Calomel just might be the most beautiful word in the English language.
It's a chemical, mercury chloride, Hg2Cl2, which was used by alchemists and is therefore rather romantic.
Here it is as a mineral:
The stuff has been known in Iran since 850 AD, but it didn't make much of an impact in Europe until the 1600s.
It had even more of an impact in the 1800s, when it was decided that giving people large doses of calomel would be a help in curing syphilis, bronchitis, ingrowing toenails, tuberculosis, 'flu, cancer - and more or less everything else, including teething. In 1863 the American surgeon-general, William A Hammond, having noticed that the stuff was making people sicker than they were to start with, announced that calomel should no longer be used in the US Army. This caused a lot of controversy (calomel was still being used in the British Army during the First World War) and it also led to the sacking of poor Mr Hammond. Mr Hammond, though, was quite right to be alarmed. By that time calomel was being prescribed in huge amounts and the mercury in it was poisoning people and causing gangrene, tooth-loss, facial deformities, and brain damage.

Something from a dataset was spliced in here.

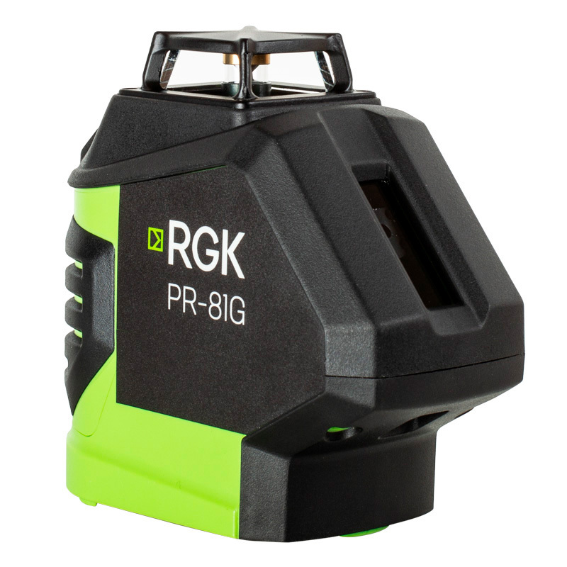 Лазерный уровень RGK PR-81G строит вертикальные и горизонтальные плоскости. Прибор может использоваться в помещении и на улице, так как работает в импульсном режиме для использования с приемником. Используемый в приборе лазер зеленого цвета с длиной волны 515 нм обеспечивает лучшую видимость при ярком освещении, в отличие от лазера красного цвета. Лазерный уровень оснащен функцией работы с приемником излучения, что позволяет увеличить дальность работы до 80 метров. Режимы отображения линий переключаются нажатием соответствующей кнопки, что обеспечивает проекцию нужных в данный момент плоскостей для упрощения работы и экономии заряда батарей. Прибор оборудован маятниковым компенсатором, который автоматически выравнивает лазерный луч в диапазоне ±4°. При наклоне устройства на угол, больший чем 4°, луч начнет мигать. Блокировка компенсатора поможет при строительстве лестниц и укладке плитки под углом. Питание обеспечивается четырьмя батареями стандарта АА напряжением 1,5 В. Устройство имеет корпус с защитой IP54.

Did the beauty of its name make people trust it? It does sound so very sweet and calm.
On a much happier note, calomel is now used in electrochemistry for measuring the pH and and electrical potential of solutions.
I'm not honestly sure why I might want to use this word.
But it might make a good name for a very gentle, beautiful and deadly witch.
Word To Use Today: calomel. This word comes from the Greek kalos, beautiful, and melas, which means black. This might be either because it turns black when you expose it to ammonia, or because you can make the stuff from a black mixture of mercury and mercuric chloride.